Bridging different modalities lies at the heart of cross-modality generation. While conventional approaches treat the text modality as a conditioning signal that gradually guides the denoising process from Gaussian noise to the target image modality, we explore a much simpler paradigm-directly evolving between text and image modalities through flow matching. This requires projecting both modalities into a shared latent space, which poses a significant challenge due to their inherently different representations: text is highly semantic and encoded as 1D tokens, whereas images are spatially redundant and represented as 2D latent embeddings. To address this, we introduce FlowTok, a minimal framework that seamlessly flows across text and images by encoding images into a compact 1D token representation. Compared to prior methods, this design reduces the latent space size by 3.3x at an image resolution of 256, eliminating the need for complex conditioning mechanisms or noise scheduling. Moreover, FlowTok naturally extends to image-to-text generation under the same formulation. With its streamlined architecture centered around compact 1D tokens, FlowTok is highly memory-efficient, requires significantly fewer training resources, and achieves much faster sampling speeds-all while delivering performance comparable to state-of-the-art models. Code is available at https://github.com/TACJu/FlowTok.

Paper Structure

This paper contains 11 sections, 5 equations, 4 figures, 4 tables.

Figures (4)

  • Figure 1: Text-to-Image Generation Results by FlowTok. FlowTok projects both text and images into a unified, compact 1D latent space, enabling direct flow matching between 1D tokens and facilitating the efficient generation of diverse, high-fidelity images.
  • Figure 2: Text as Conditions vs. Direct Flow between Modalities.Top: Conventional text-to-image generation relies on the diffusion process, where text serves as a conditioning signal to guide the denoising process. Bottom: The proposed FlowTok enables direct flow between text and image modalities by projecting both into a shared, compact 1D latent space, facilitating seamless generation of both.
  • Figure 3: COCO Results. FlowTok presents comparable performance to previous methods on COCO while significantly reducing training resource requirements (Fig. \ref{['fig:fidvst']}) and achieving much faster sampling speed (Fig. \ref{['fig:fidvsi']}).
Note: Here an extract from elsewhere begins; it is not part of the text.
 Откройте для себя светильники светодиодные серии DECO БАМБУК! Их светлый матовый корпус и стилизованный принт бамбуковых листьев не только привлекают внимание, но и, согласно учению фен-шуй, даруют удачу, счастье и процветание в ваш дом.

This efficiency stems from its minimalist design centered around 1D tokens, which facilitates direct transformation between text and image modalities, leading to superior performance with enhanced computational efficiency. We note that the compared CrossFlow liu2024flowing uses high-quality proprietary data.
  • Figure 4: Overview of FlowTok. FlowTok is a minimal framework that facilitates seamless flow between 1D text tokens and image tokens for both text-to-image and image-to-text generation. Top: For text-to-image generation, the input text is encoded by the CLIP text encoder into $\mathbf{T}_{\text{init}} \in \mathbb{R}^{N \times C}$, projected into a low-dimensional latent space as text tokens $\mathbf{Z}_{\text{T}} \in \mathbb{R}^{N \times D}$, then transformed into image tokens $\mathbf{Z}_{\text{I}} \in \mathbb{R}^{N \times D}$ of the same shape through flow matching and decoded by a 1D Image VAE Decoder to generate the final image. Bottom: For image-to-text generation, an input image is encoded by a 1D Image VAE Encoder into $\mathbf{Z}_{\text{I}}$, mapped to $\mathbf{Z}_{\text{T}}$ through flow matching and decoded into text via a text decoder. Unlike conventional approaches that rely on 2D noise and image latents (e.g., $32 \times 32 \times 4$ for 256-resolution images) with text as conditions, our direct 1D transformation (i.e., $77 \times 16$) achieves a 3.3$\times$ compression rate, significantly reducing memory costs, accelerating training, and enabling faster inference.